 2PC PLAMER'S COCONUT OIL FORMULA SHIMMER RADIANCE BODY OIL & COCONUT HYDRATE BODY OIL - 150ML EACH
####
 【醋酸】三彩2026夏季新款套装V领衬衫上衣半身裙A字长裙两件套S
####
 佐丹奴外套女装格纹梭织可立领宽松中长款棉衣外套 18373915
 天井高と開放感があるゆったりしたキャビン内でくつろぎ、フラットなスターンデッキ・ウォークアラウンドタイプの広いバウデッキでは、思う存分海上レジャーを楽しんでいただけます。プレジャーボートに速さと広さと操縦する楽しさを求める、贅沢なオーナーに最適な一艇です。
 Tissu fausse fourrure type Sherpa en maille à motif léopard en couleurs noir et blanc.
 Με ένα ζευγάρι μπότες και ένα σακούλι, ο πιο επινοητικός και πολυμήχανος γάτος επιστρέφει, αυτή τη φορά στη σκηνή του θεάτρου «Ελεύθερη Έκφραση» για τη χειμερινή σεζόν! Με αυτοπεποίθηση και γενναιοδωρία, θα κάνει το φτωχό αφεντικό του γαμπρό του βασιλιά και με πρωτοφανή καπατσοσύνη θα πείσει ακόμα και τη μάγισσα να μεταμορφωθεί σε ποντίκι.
####
Work instruction
Give back the records above exactly, limited to the lines between the one holding "天井高と開放感があるゆったり" and the one holding "Με ένα ζευγάρι", inclusive.

Expected answer
 天井高と開放感があるゆったりしたキャビン内でくつろぎ、フラットなスターンデッキ・ウォークアラウンドタイプの広いバウデッキでは、思う存分海上レジャーを楽しんでいただけます。プレジャーボートに速さと広さと操縦する楽しさを求める、贅沢なオーナーに最適な一艇です。
 Tissu fausse fourrure type Sherpa en maille à motif léopard en couleurs noir et blanc.
 Με ένα ζευγάρι μπότες και ένα σακούλι, ο πιο επινοητικός και πολυμήχανος γάτος επιστρέφει, αυτή τη φορά στη σκηνή του θεάτρου «Ελεύθερη Έκφραση» για τη χειμερινή σεζόν! Με αυτοπεποίθηση και γενναιοδωρία, θα κάνει το φτωχό αφεντικό του γαμπρό του βασιλιά και με πρωτοφανή καπατσοσύνη θα πείσει ακόμα και τη μάγισσα να μεταμορφωθεί σε ποντίκι.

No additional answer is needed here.